[WHAT NEEDS TO BE DONE] Omit all pictures and transcribe only the lines in the entries below that run from the line with "Ce soir je me" through the line with "每经记者 叶峰 每经编辑".

[THE INPUT]
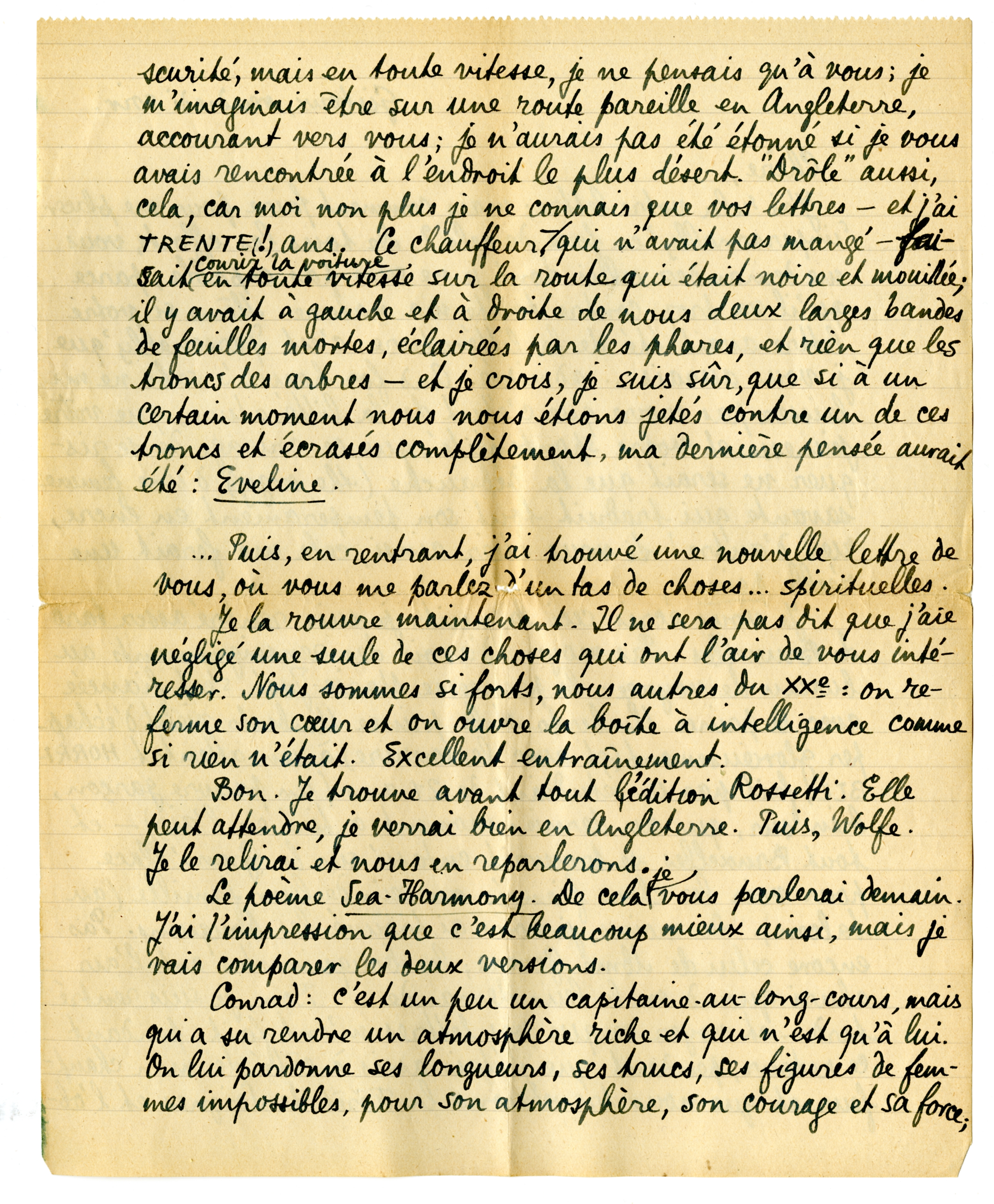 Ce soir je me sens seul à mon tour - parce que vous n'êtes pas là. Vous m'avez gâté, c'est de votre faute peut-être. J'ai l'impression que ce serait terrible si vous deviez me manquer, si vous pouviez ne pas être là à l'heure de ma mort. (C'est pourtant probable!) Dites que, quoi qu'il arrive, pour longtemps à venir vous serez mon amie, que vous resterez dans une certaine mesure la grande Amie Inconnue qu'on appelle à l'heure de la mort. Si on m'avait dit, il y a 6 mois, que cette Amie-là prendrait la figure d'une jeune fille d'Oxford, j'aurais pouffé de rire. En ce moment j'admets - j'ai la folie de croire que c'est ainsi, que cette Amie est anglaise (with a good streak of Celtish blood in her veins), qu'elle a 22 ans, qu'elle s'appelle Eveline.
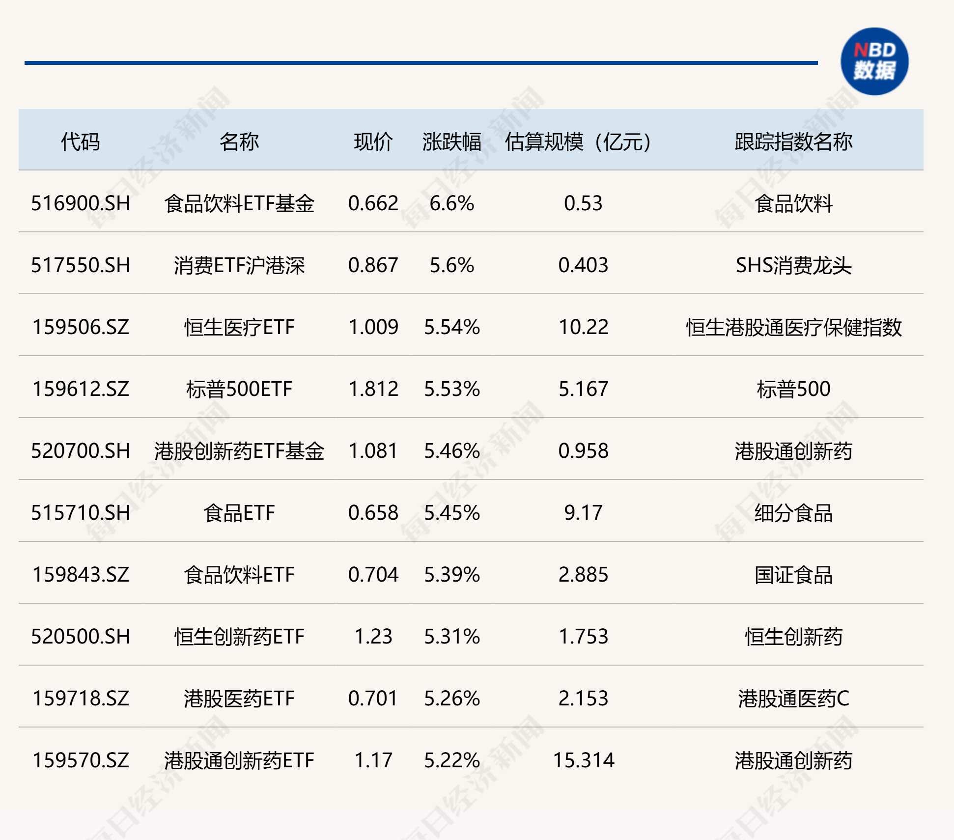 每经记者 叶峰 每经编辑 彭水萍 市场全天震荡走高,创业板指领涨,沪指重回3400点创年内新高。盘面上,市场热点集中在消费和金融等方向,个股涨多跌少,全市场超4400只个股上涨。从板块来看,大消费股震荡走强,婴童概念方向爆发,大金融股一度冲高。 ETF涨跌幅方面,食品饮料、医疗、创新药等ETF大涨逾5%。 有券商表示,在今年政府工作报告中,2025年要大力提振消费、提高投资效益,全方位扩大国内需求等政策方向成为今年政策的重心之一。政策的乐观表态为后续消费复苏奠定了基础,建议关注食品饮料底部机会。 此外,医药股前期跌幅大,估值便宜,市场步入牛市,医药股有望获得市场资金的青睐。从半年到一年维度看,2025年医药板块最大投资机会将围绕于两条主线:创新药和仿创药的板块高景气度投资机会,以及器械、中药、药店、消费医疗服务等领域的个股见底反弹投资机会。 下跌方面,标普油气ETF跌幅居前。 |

* * *

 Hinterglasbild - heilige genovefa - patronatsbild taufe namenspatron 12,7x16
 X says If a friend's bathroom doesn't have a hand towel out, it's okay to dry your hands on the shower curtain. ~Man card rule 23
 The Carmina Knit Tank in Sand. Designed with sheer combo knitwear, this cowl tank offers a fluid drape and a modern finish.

[TASK ANSWER]
 Ce soir je me sens seul à mon tour - parce que vous n'êtes pas là. Vous m'avez gâté, c'est de votre faute peut-être. J'ai l'impression que ce serait terrible si vous deviez me manquer, si vous pouviez ne pas être là à l'heure de ma mort. (C'est pourtant probable!) Dites que, quoi qu'il arrive, pour longtemps à venir vous serez mon amie, que vous resterez dans une certaine mesure la grande Amie Inconnue qu'on appelle à l'heure de la mort. Si on m'avait dit, il y a 6 mois, que cette Amie-là prendrait la figure d'une jeune fille d'Oxford, j'aurais pouffé de rire. En ce moment j'admets - j'ai la folie de croire que c'est ainsi, que cette Amie est anglaise (with a good streak of Celtish blood in her veins), qu'elle a 22 ans, qu'elle s'appelle Eveline.
 每经记者 叶峰 每经编辑 彭水萍 市场全天震荡走高,创业板指领涨,沪指重回3400点创年内新高。盘面上,市场热点集中在消费和金融等方向,个股涨多跌少,全市场超4400只个股上涨。从板块来看,大消费股震荡走强,婴童概念方向爆发,大金融股一度冲高。 ETF涨跌幅方面,食品饮料、医疗、创新药等ETF大涨逾5%。 有券商表示,在今年政府工作报告中,2025年要大力提振消费、提高投资效益,全方位扩大国内需求等政策方向成为今年政策的重心之一。政策的乐观表态为后续消费复苏奠定了基础,建议关注食品饮料底部机会。 此外,医药股前期跌幅大,估值便宜,市场步入牛市,医药股有望获得市场资金的青睐。从半年到一年维度看,2025年医药板块最大投资机会将围绕于两条主线:创新药和仿创药的板块高景气度投资机会,以及器械、中药、药店、消费医疗服务等领域的个股见底反弹投资机会。 下跌方面,标普油气ETF跌幅居前。 |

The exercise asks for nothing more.